- The Financial Stability Board (FSB), in consultation with Basel Committee on Banking Supervision (BCBS) and national authorities, has identified the 2018 list of global systemically important banks (G-SIBs), using end-2017 data and the updated assessment methodology published by the BCBS in July 2013. One bank has been added to and two banks have been removed from the list of G-SIBs that were identified in 2017, and therefore the overall number of G-SIBs decreases from 30 to 29 (see Annex).
- The changes in the allocation of the institutions to buckets (see below for details) reflects the effects of changes in underlying activity of banks.
- In November 2011 the FSB published an integrated set of policy measures to address the systemic and moral hazard risks associated with systemically important financial institutions (SIFIs). In that publication, the FSB identified as global systemically important financial institutions (G-SIFIs) an initial group of G-SIBs, using a methodology developed by the BCBS. The November 2011 report noted that the group of G-SIBs would be updated annually based on new data and published by the FSB each November.

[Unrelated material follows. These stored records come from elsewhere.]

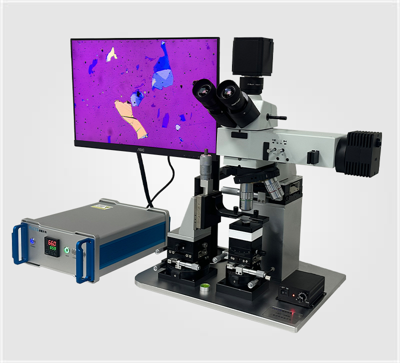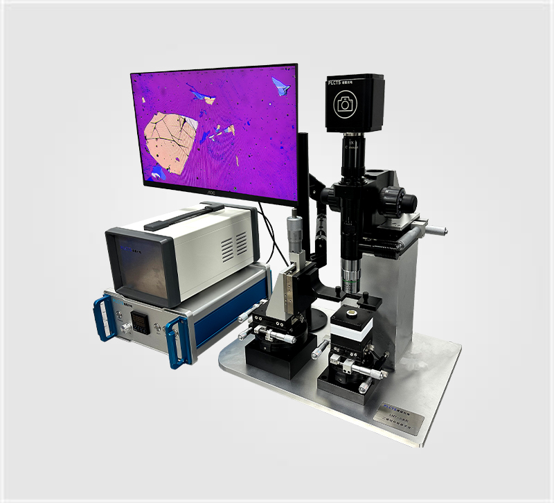 高分辨電動探針輔助二維材料轉(zhuǎn)移平臺在高分辨電動二維材料轉(zhuǎn)移平臺基礎(chǔ)上增加了探針劃刻模塊,利用探針尖端的精密位移,對微觀樣品進(jìn)行切割、剝離、翻轉(zhuǎn)等手工難以完成的操作。在轉(zhuǎn)移過程中或轉(zhuǎn)移后,直接對材料進(jìn)行初步的電學(xué)性能測試,例如測量電阻、電流-電壓特性等。適用于探針劃刻、輔助金屬電極及柔性襯底上半導(dǎo)體材料干法轉(zhuǎn)移。
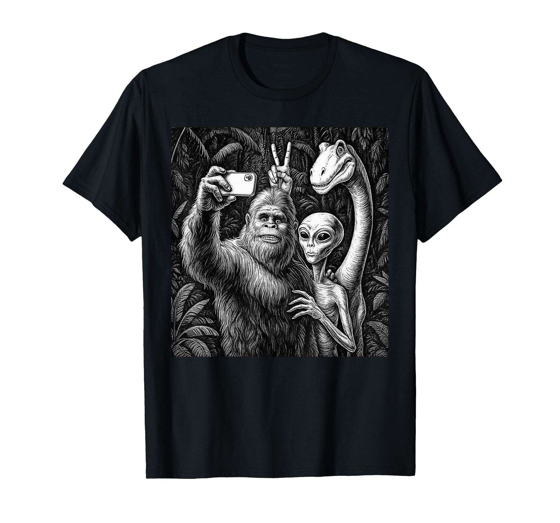 Funny Bigfoot Sasquatch Selfie Alien Loch Ness Humor T-Shirt
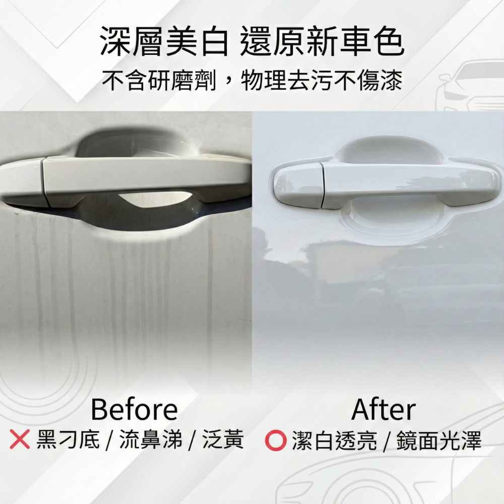 ✅ 白色/淺色車:強力去除「黑刁底」、流鼻涕水痕,將發黃氧化的舊車漆還原成新車般的透亮潔白。
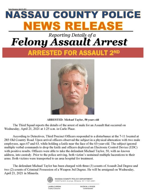The NCPD report the arrest of male for an assault that occurred on Wednesday, April 21, 2021 at 1:25 a.m. in Carle Place. According to NCPD, police responded to a disturbance at the 7-11 located at 285 Old Country Road. Upon arrival officers observed the subject in a physical altercation with two male employees, ages 67 and 63, while holding a knife near the face of the 63-year-old. The subject ignored multiple verbal commands to drop the knife and officers deployed an Electronic Control Device (EDC) with positive results. Officers were able to take the defendant Michael Taylor, 50, with no known address, into custody. Prior to the police arriving, both victim's sustained multiple lacerations to their arms. Both victims were transported to an area hospital for treatment. The defendant Michael Taylor has been charged with three (3) counts of Assault 2nd Degree and two (2) counts of Criminal Possession of a Weapon 3rd Degree. He will be arraigned on Wednesday, April 21, 2021 in Mineola.
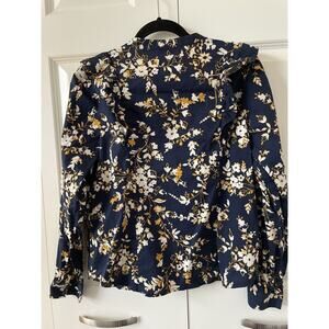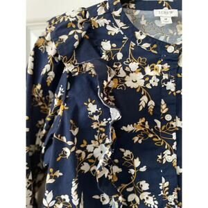 J Crew Shirt Women Medium Navy Gold Ruffle Trim Shoulder Chest Cotton Shirt

- FSB member authorities apply the following requirements to G-SIBs:
Higher capital buffer: Since the November 2012 update, the G-SIBs have been allocated to buckets corresponding to higher capital buffers that they are required to hold by national authorities in accordance with international standards. Higher capital buffer requirements began to be phased in from 1 January 2016 for G-SIBs (based on the November 2014 assessment) with full implementation by 1 January 2019. The capital buffer requirements for the G-SIBs identified in the annual update each November will apply to them as from January fourteen months later. The assignment of G-SIBs to the buckets, in the list published today, determines the higher capital buffer requirements that will apply to each G-SIB from 1 January 2020.
Total Loss-Absorbing Capacity (TLAC): G-SIBs are required to meet the TLAC standard, alongside the regulatory capital requirements set out in the Basel III framework. The TLAC standard will be phased-in from 1 January 2019 for G-SIBs identified in the 2015 list (provided that they continue to be designated as G-SIBs thereafter).
Resolvability: These include group-wide resolution planning and regular resolvability assessments. The resolvability of each G-SIB is also reviewed in a high-level FSB Resolvability Assessment Process (RAP) by senior regulators within the firms’ Crisis Management Groups.Higher supervisory expectations: These include supervisory expectations for risk management functions, risk data aggregation capabilities, risk governance and internal controls.
- In November 2014 the BCBS published a technical summary of the methodology. The BCBS publishes the annually updated denominators used to calculate banks’ scores and the thresholds used to allocate the banks to buckets and provides the links to the public disclosures of the full sample of banks assessed, as determined by the sample criteria set out in the BCBS G-SIB framework. From this year, the BCBS also publishes the twelve high-level indicators of the banks in the main sample used in the G-SIB scoring exercise.
- The BCBS published in July 2018 a revised version of its assessment methodology, replacing the July 2013 version.10 The revised assessment methodology will take effect in 2021 (based on end-2020 data), and the resulting higher capital buffer requirement would be applied in January 2023.
- A new list of G-SIBs will next be published in November 2019.